The best hope for the party is that a potentially unifying figure (such as John Howard’s former chief of staff Arthur Sinodinos) can emerge as a consensus candidate and sweep the field. In his absence it may well be a moshpit, and one that takes place in Turnbull’s backyard.
Whatever happens, the events of yesterday confirm that when you’re luck is running against you in politics, the smallest glimmers of hope are generally blown away by a whopping great storm cloud.
As was the case earlier in the year, when the smile on Malcolm Turnbull’s face over Peter Costello’s retirement was wiped away by a fellow called Godwin Grech, the Opposition Leader would have been feeling uncharacteristically chipper yesterday when Newspoll found that he still has a pulse after all.
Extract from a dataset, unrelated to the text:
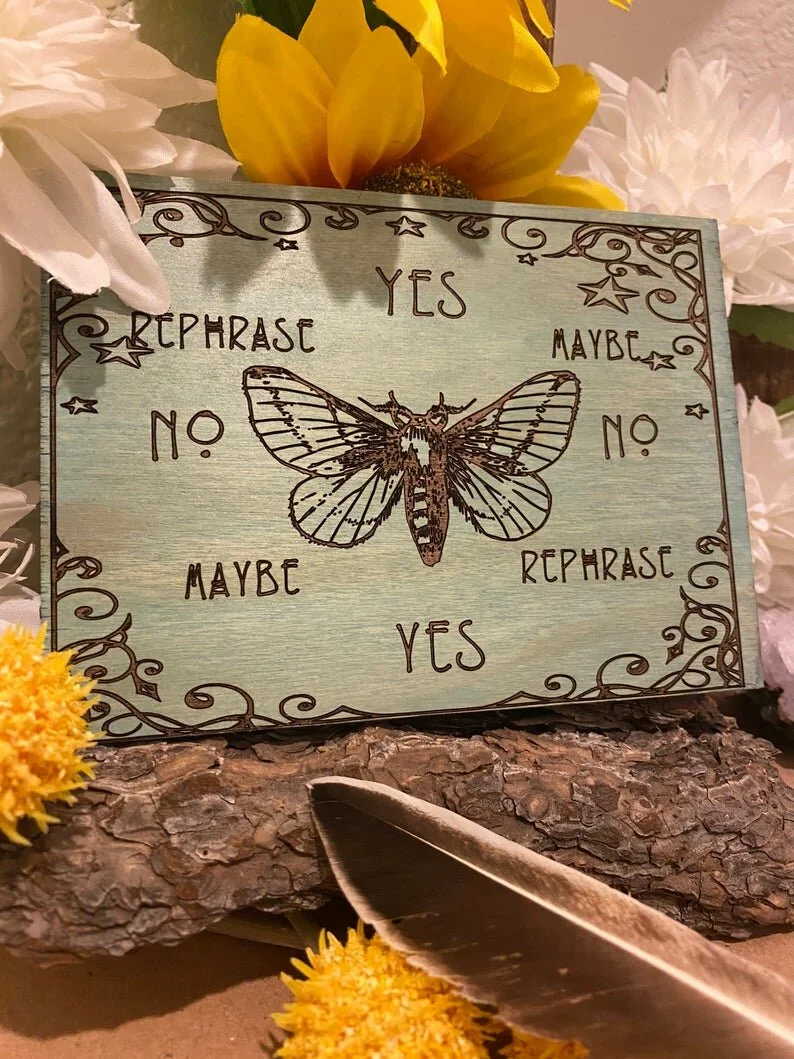 Just as pendulums, a pendulum board can be crafted out of a variety of materials. You can draw your own at home or print one you find on the internet. The options are endless, some are made of metal or plastic, but my all-time favorites are our wood pendulum boards! Being made from wood, it helps me remember to stay grounded and rooted during my session with my board and pendulum to get a clear answer. Depending on what types of questions you plan on asking your board as well as your personal style, will determine which type of material is best for you!

It was hardly a scorching comeback – his satisfaction rating rose four points to 30, his dissatisfaction fell one point to 56 – but when you’re going as badly as he is you take what you can.
But the warm afterglow lasted about three seconds courtesy of Nelson. And it’s hard not to conclude that Nelson – whatever he says about the urgent timing of his private sector job opportunity – knew that it would also come with the happy bonus of letting him skewer the man who shafted him.
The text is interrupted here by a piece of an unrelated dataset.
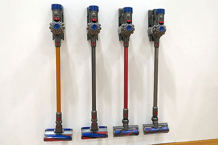 左から、「V8 フラフィ」「V8 フラフィ プラス」「V8アニマルプロ」「V8 アブソリュート」。本体サイズは250(幅)×224(高さ)×1244(奥行)mm(クリーナーヘッド、パイプ、バッテリー含む)。重量は、ソフトローラークリーナーヘッド装着時が2.61kg、ダイレクトドライブクリーナーヘッド装着時が2.55kg

So where does it leave Turnbull?
In short, it’s underscored the widely-held public belief that the Libs are indeed an unelectable rabble.
The problem with stories like this for politicians isn’t that the public devours them. On the contrary. They absorb just enough of them to draw a steadfast conclusion which is hard to reverse – such as “gee, what a shambles that lot are” – then shake their heads and move on to reading something more interesting.
After the low-rent vaudeville from the nuttier elements of the Coalition over the ETS in the final fortnight of Parliament, the distractions of Tony Abbott’s book, the Andrew Robb speculation, the well-sourced story over Malcolm Turnbull’s expansive flirtations with the ALP, the conservatives do not currently look like an alternative government.
They look like some kind of broadly-based conservative think tank, where on any given day one of their number might advocate a policy, go forth with an idea, not because the party believes in it, just because it seemed like something interesting to say at the time.
There’s no authority, there’s no discipline, there’s no sense of camaraderie or unity. There’s no direction. And as Brendan Nelson showed yesterday there’s no respect either, not for Malcolm Turnbull, nor for the mug voters who will foot the bill so that Dr Nelson can sashay off into the political sunset with a big bucket of super, and leave the public with the bill for this indefensible by-election.